Long past time to expand workplace harassment laws
In December 2017, five Latina kitchen workers filed a federal sexual harassment lawsuit against their employer, the national restaurant chain McCormick & Schmick’s. The women said that they were subjected to sexually offensive comments and groping by male co-workers, including several supervisors, at the restaurant’s Faneuil Hall location. One of the women said the executive chef told her, as he grabbed his crotch, “this is your food.” A sous chef allegedly followed one of the women into a walk-in cooler and groped her.
The lawsuit came at the height of the #MeToo movement, yet was unmistakably different. At the time, the movement had uncovered stories of sexual harassment and discrimination in white-collar spaces like Hollywood and corporate America. It brought down powerful, abusive men, some of them household names. In contrast, the McCormick & Schmick’s case, which quickly made national headlines, shed light on abuse perpetrated in a dark corner, on workers invisible to most. The case was among the first made public that converted #MeToo into #YoTambién.
“It was about vulnerable people who had been overlooked in the national conversation about sexual harassment,” said Sophia Hall, an attorney for Lawyers for Civil Rights who is involved in the lawsuit. “It amplified the voices of low-wage, Spanish-speaking workers in the #MeToo context.” (The company said it responded appropriately to the workers’ claims and that it “did all we could to restore the workplace to a harassment-free environment.”)
Fast-forward to 2019. The urgency of #MeToo has mostly faded. Locally, the Massachusetts Commission Against Discrimination revealed in its annual report that the number of sexual harassment claims filed has significantly decreased in recent months from peaks last year. But the Latina workers’ legal case, which is ongoing, speaks to why US Representative Katherine Clark, of Melrose, and Senator Patty Murray of Washington sponsored the Be HEARD Act in Congress.
The legislation grows out of a study that Murray, as the ranking member of the Senate Committee on Health, Education, Labor, and Pensions, commissioned to identify “areas where federal support and legal protections fall short.” The study found loopholes galore. For instance, it found that federal anti-discrimination laws leave out somewhere between 12 and 20 million Americans because they work for small businesses and the laws apply only to employers with 15 or more workers. And it found procedural obstacles and difficulties obtaining legal representation — both of which can deter workers from pursuing cases.
“What we need to do is evolve from #MeToo and Time’s Up to include every worker from every walk of life,” said Representative Ayanna Pressley of Boston, a co-sponsor of the bill, in an interview. “[This bill] goes from Hollywood to Congress to the boardrooms to domestic workers to restaurants to field workers.”

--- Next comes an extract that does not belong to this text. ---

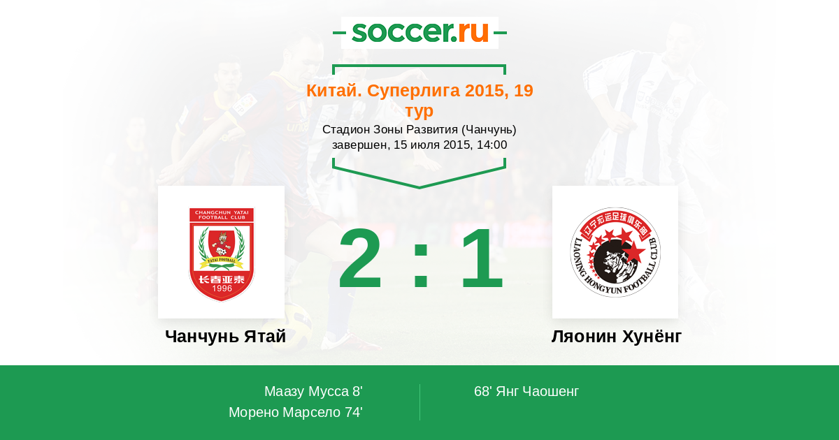 | 14. | Чунцин Лифань | 15 | 4 | 5 | 6 | 2 | 19:24 | 17 |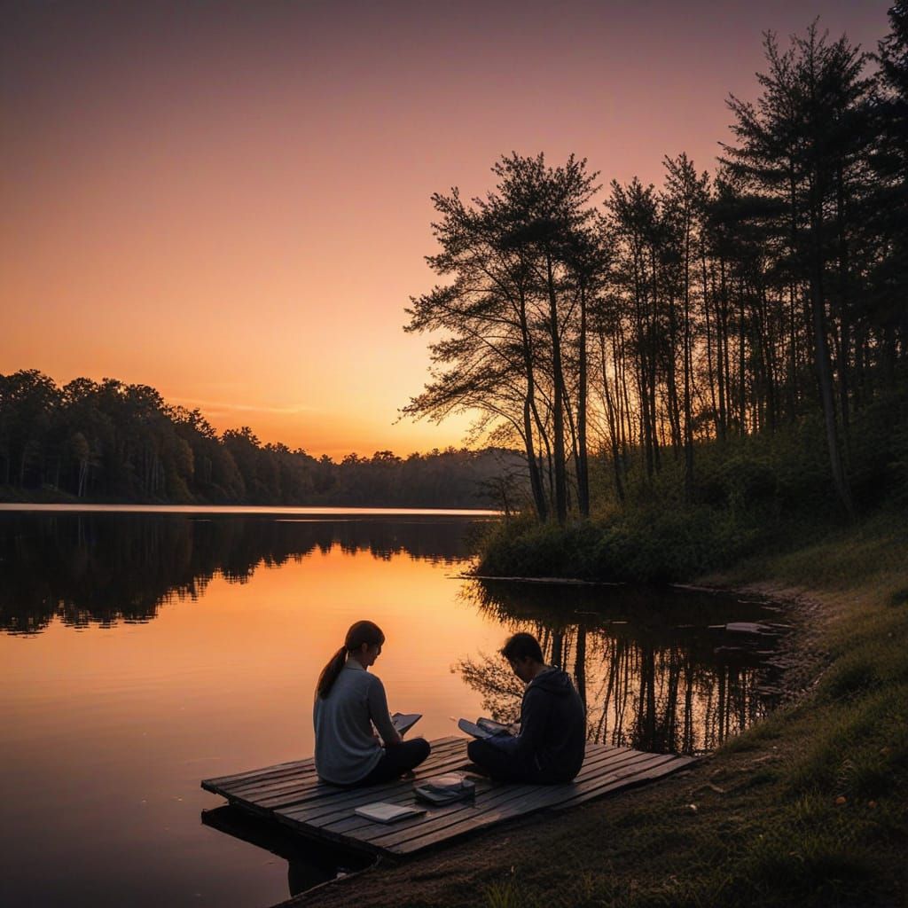 A serene couple sits by a peaceful lake, reading a book as a breathtaking sunset unfolds behind them, with vibrant colors and soft warm light.

The far-reaching legislation would empower back-of-the-kitchen workers, food servers, housecleaners, nannies, and other low-wage workers for whom harassment and discrimination have been found to be more prevalent and more likely to be swept under the rug. It would clarify that civil rights protections for discrimination and harassment do apply to LGBTQ workers. And it would expand those protections for workers at small businesses, independent contractors, interns, and trainees, among others who are not explicitly covered under current federal law.
Among other provisions, the bill would clarify the standard workers must meet to prove harassment claims in court and lengthen the statute of limitations to file federal claims from 180 days to four years. The short timeline to bring a harassment claim has been cited as a huge barrier for workers, given the complicated emotional and legal factors they must weigh before filing a complaint. It would ban companies from requiring mandatory arbitration and pre-dispute nondisclosure agreements, and create limited conditions under which post-dispute nondisclosure agreements could be signed. NDAs, for example, could only be agreed upon as part of settlements in cases where the sexual harassment victims do not want publicity.
And it would provide grants for preventing and addressing harassment and employment discrimination, including grants for legal assistance to low-income workers.
Crucially, the bill would also eliminate the tipped minimum wage, which has been found to exacerbate harassment in workplaces where tipping is common. Because wait staff in restaurants rely on customers’ tips to make up a chunk of their salaries, it creates an unbalanced power dynamic that renders them disproportionately susceptible to workplace abuse.
The Be HEARD Act represents the kind of systemic change needed to legally protect the many American workers whose stories of harassment stay in the shadows. At a time when the federal government under President Trump has challenged longstanding interpretations of federal civil rights statutes protecting minority populations from workplace discrimination, it’s imperative to close existing loopholes and extend to all employees the protections that most workers take for granted.